# Work required:
Transcribe the listing exactly; drop the images.

# Dataset extract:
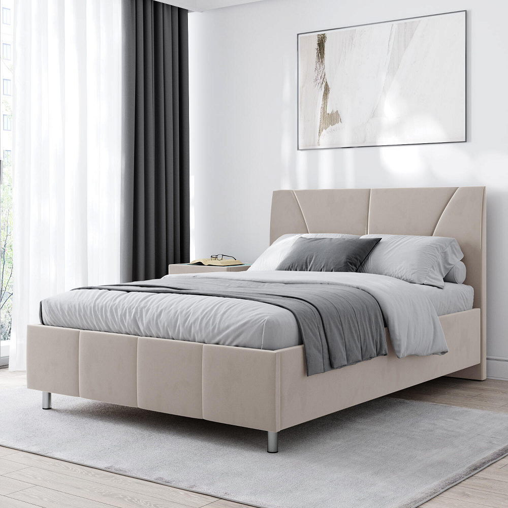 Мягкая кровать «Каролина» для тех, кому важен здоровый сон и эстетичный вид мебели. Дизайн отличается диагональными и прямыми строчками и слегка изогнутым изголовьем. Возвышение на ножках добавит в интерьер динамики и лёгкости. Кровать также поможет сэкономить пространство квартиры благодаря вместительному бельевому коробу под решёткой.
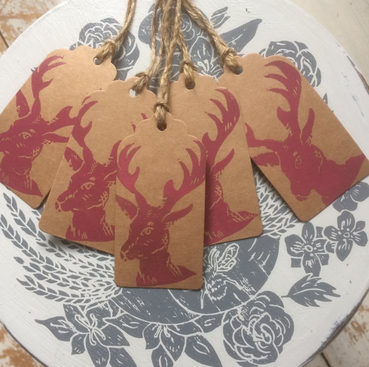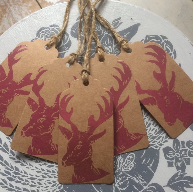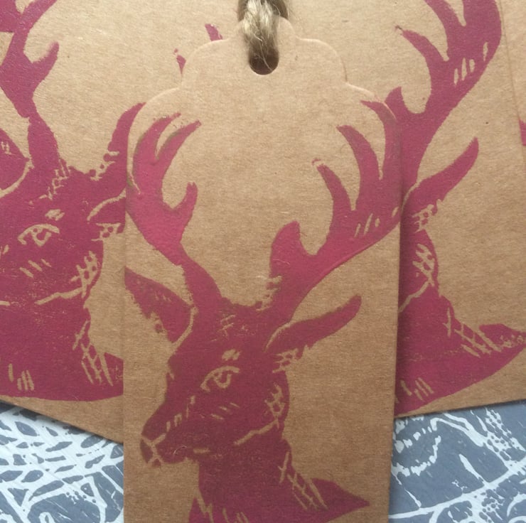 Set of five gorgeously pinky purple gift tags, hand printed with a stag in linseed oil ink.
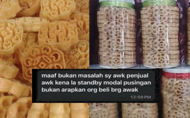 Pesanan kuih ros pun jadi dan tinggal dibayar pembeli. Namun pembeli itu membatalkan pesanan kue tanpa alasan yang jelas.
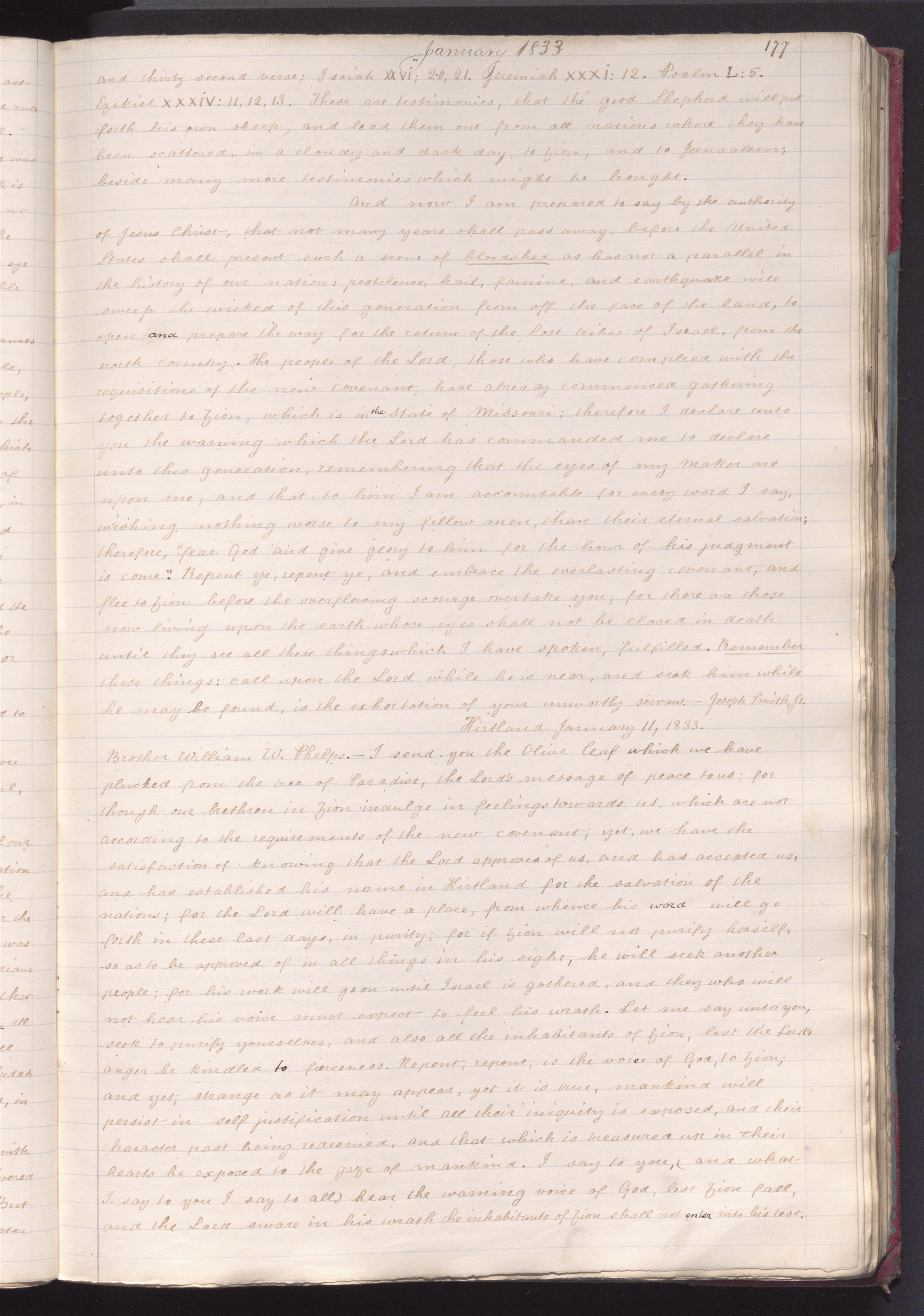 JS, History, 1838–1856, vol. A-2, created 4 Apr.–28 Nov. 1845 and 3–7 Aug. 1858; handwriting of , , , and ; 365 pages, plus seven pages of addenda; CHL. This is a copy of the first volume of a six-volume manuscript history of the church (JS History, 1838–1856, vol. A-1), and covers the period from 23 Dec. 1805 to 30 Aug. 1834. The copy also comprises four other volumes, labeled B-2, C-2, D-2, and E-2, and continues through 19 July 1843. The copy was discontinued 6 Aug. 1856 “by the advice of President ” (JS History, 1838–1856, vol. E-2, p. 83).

# Reply:
 Мягкая кровать «Каролина» для тех, кому важен здоровый сон и эстетичный вид мебели. Дизайн отличается диагональными и прямыми строчками и слегка изогнутым изголовьем. Возвышение на ножках добавит в интерьер динамики и лёгкости. Кровать также поможет сэкономить пространство квартиры благодаря вместительному бельевому коробу под решёткой.
 Set of five gorgeously pinky purple gift tags, hand printed with a stag in linseed oil ink.
 Pesanan kuih ros pun jadi dan tinggal dibayar pembeli. Namun pembeli itu membatalkan pesanan kue tanpa alasan yang jelas.
 JS, History, 1838–1856, vol. A-2, created 4 Apr.–28 Nov. 1845 and 3–7 Aug. 1858; handwriting of , , , and ; 365 pages, plus seven pages of addenda; CHL. This is a copy of the first volume of a six-volume manuscript history of the church (JS History, 1838–1856, vol. A-1), and covers the period from 23 Dec. 1805 to 30 Aug. 1834. The copy also comprises four other volumes, labeled B-2, C-2, D-2, and E-2, and continues through 19 July 1843. The copy was discontinued 6 Aug. 1856 “by the advice of President ” (JS History, 1838–1856, vol. E-2, p. 83).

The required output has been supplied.